▸ Instructions for the task:
Please reproduce, exactly as given, the lines running from the start of the data to the line containing "思路1【暴力求解】:首先遍历", inclusive, and omit the pictures.

Data excerpts
_ _ _
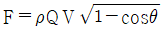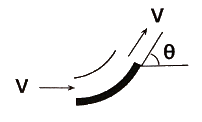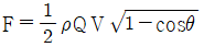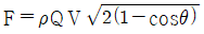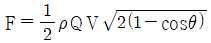 그림과 같이 속도 V인 유체가 곡면에 부딪혀 θ의 각도로 유동방향이 바뀌어 같은 속도로 분출된다. 이때 유체가 곡면에 가하는 힘의 크기를 θ에 대한 함수로 옳게 나타낸 것은? (단, 유동단면적은 일정하고, θ의 각도는 0° ≤ θ ≤ 180° 이내에 있다고 가정한다. 또한 Q는 체적 유량, ρ는 유체밀도이다.)
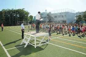 今朝は、校長が季節の移り変わりの話をした後で、平和祈念標語の表彰を行いました。
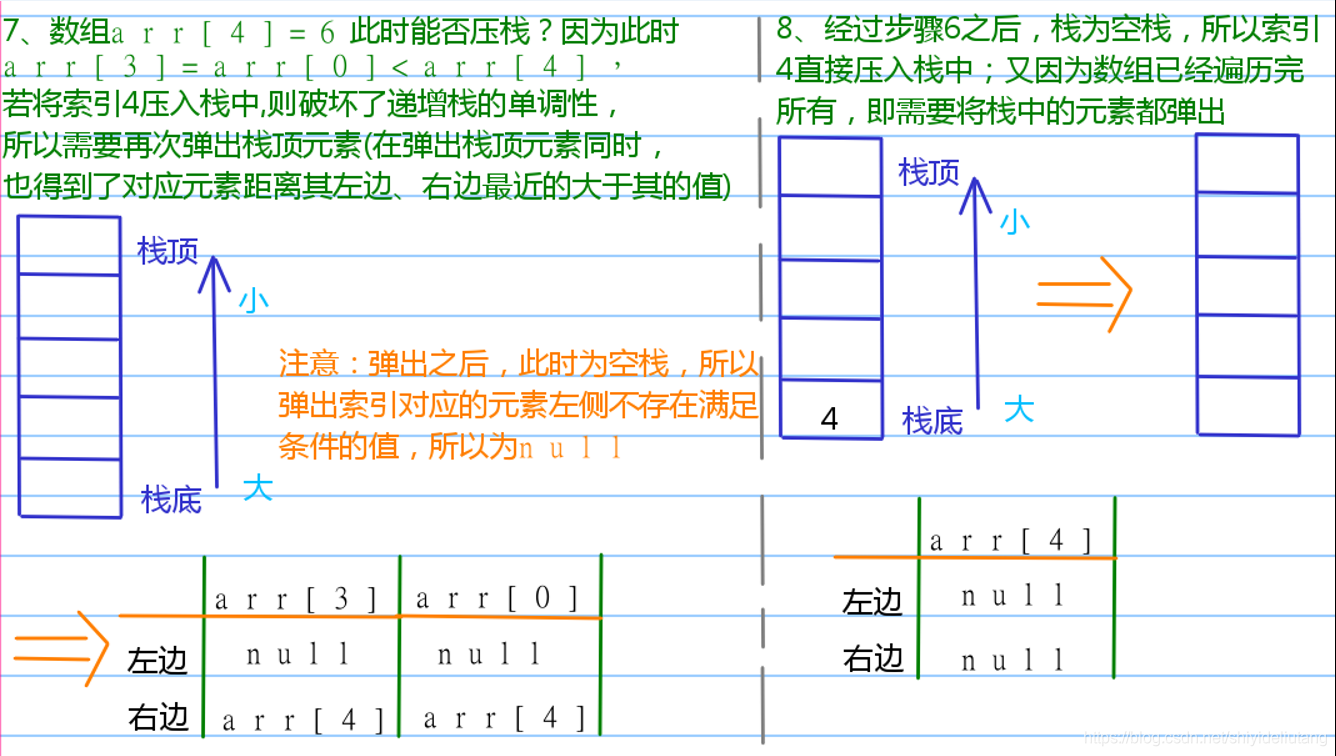 思路1【暴力求解】:首先遍历数组arr中各个元素,然后在遍历的同时再分别向左、右遍历求解第一个比arr[i]大的数。
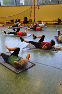 Hier findet eine hervoragende Prävention für die Wirbelsäule statt. Mit Musik geht das Aufwärmtraining los, es werden viele abwechslungsreiche Übungen für die Stützmuskulatur gemacht. Zum Abschluss gibt es eine wunderbare Entspannung, bei der schon so Mancher eingeschlafen ist.
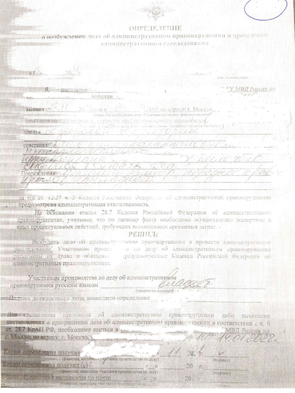 Мне дали бланк объяснения, где я расписал все, что знал. В итоге получил определение о возбуждении дела об административном правонарушении.
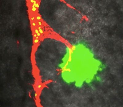 人工的に与えたFGF8(緑)によって誘引される、腎管の先端細胞(赤)
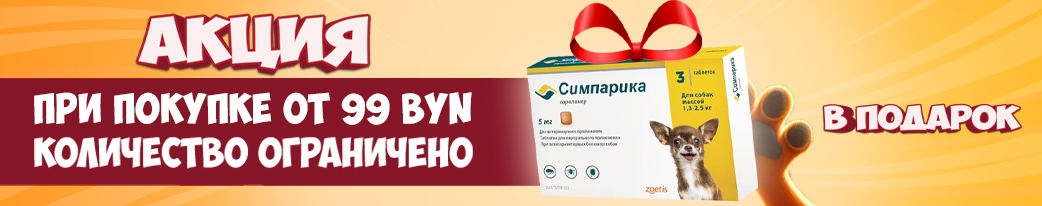 При разовой покупке сухих кормов для собак брендов Nature's Protection, Exclusion, MORANDO или Nuevo на сумму от 99 BYN Симпарика 5 мг в подарок!
_ _ _
▸ Exercise result:
 그림과 같이 속도 V인 유체가 곡면에 부딪혀 θ의 각도로 유동방향이 바뀌어 같은 속도로 분출된다. 이때 유체가 곡면에 가하는 힘의 크기를 θ에 대한 함수로 옳게 나타낸 것은? (단, 유동단면적은 일정하고, θ의 각도는 0° ≤ θ ≤ 180° 이내에 있다고 가정한다. 또한 Q는 체적 유량, ρ는 유체밀도이다.)
 今朝は、校長が季節の移り変わりの話をした後で、平和祈念標語の表彰を行いました。
 思路1【暴力求解】:首先遍历数组arr中各个元素,然后在遍历的同时再分别向左、右遍历求解第一个比arr[i]大的数。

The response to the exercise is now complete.